It would be comforting to think that significant policy changes take place in a rational environment.
Yet, once again, major social security reforms around health and disability benefits are being developed to the soundtrack of frenzied media fantasies painting sickness and disability as the lifestyle choice of the feckless.
The reality is that disabled people are ready - indeed, eager - to educate and support the government in their wish to cut the welfare bill by boosting their employment opportunities. However, that support must be offered without coercion, and in a genuinely supportive and personalised manner.
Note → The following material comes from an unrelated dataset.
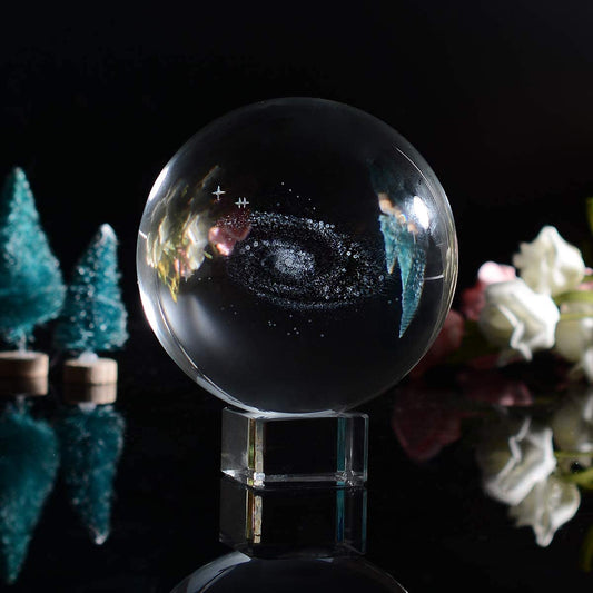 3D Galaxy Crystal Ball Paperweight with Stand (60mm/80mm)

However, work and pensions secretary Liz Kendall and her embattled colleagues in the Treasury seem set on repeating the mistakes of their predecessors. The government does not need a swathe of shiny new "support" initiatives - or "ruthless" cuts to welfare, for that matter.
Alarmingly, the scattergun briefings suggest that funding for the Access to Work programme may be cut. Since it was established 31 years ago, the programme has evolved to support disabled people with significant needs to find - and keep - jobs. In other words, it aligns precisely with what ministers say they want.
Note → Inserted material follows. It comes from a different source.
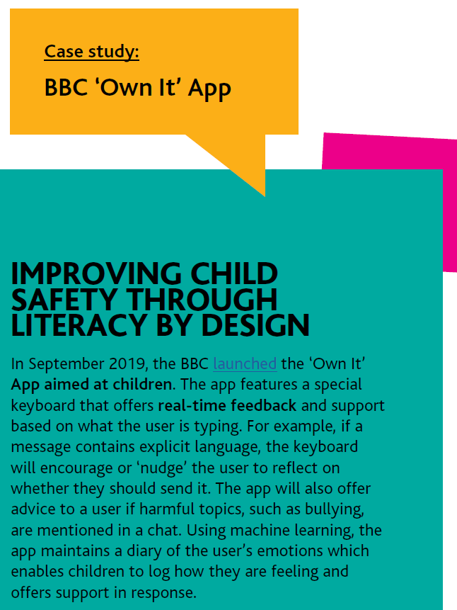 2019년 9월 출시된 ‘오운 잇’은 어린이가 인터넷을 안전하게 즐길 수 있도록 <BBC>가 지원하는 애플리케이션이다. 이 앱은 사용자가 입력하는 내용에 대해 실시간으로 피드백을 준다. 노골적인 언어가 포함된 메시지를 사용하면 한 번 더 생각하도록 권장하고, 채팅할 때 ‘왕따’ 같은 단어가 등장할 경우 주의를 환기시켜준다.

Our frustration with the programme is that upwards of 37,000 applications for support from disabled people remain unresolved. The government should simply fund it properly so that it can support disabled people with particularly expensive support needs - such as adaptive technology or a support worker - into work.
Axing or sidelining Access to Work will see many disabled people driven from existing jobs or excluded by recruiters. The government cannot pass those costs on to employers - as the measures often go well beyond the "reasonable adjustments" employers are required to make under the Equality Act.
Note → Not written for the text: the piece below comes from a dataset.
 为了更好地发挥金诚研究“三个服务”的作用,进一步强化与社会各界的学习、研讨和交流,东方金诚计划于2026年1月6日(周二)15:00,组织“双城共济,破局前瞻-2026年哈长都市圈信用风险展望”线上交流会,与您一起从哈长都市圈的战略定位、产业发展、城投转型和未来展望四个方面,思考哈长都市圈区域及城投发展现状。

Ministers should also adopt and fund other employment programmes co-designed with disabled people which have disabled people into work. Many of those are still being piloted, but the early results are impressive.
Building on what we know works is a cheaper, faster and more effective route to supporting disabled people into work than media-friendly "reviews" and faux consultations.
The government is also planning to reform the much-despised Work Capability Assessments. The briefings do little to suggest that the new system will be based on dignity, support and equity. It is likely that it will maintain a punitive approach which drives disabled people into jobs that are unsafe or unsustainable and denies disabled people the very support they need to find or keep jobs.
The government is also suggesting means-testing personal independence payments (PIP) - which help cover the additional living costs that are a fact of life for many disabled people. That will be a false economy. Many disabled people with mobility problems use these payments to travel to work, for example. Means-testing in itself is a costly process that will simply extend the already long waits that many disabled people face after applying for the payments.
Ms Kendall should also have a word with health secretary Wes Streeting, who has described the NHS as "broken". The everyday reality of a broken NHS is pain and - for many - an inability to work while marooned on a waiting list. Recent government-commissioned research by the respected National Centre for Social Research has confirmed that it is waiting lists that are driving the rise in claimants.
Resources should be targeted at cutting those waiting lists - particularly in mental health services for young people.
Finally, we know that people in deprived communities typically begin to experience poor health more than two decades before those in the richest areas. A genuine far-sighted reforming government would address the root causes of much sickness and disability by introducing a comprehensive public health strategy that has teeth.
That, however, takes political courage as savings to the NHS and social security budgets will not be apparent for at least a decade. It would however be the rational approach.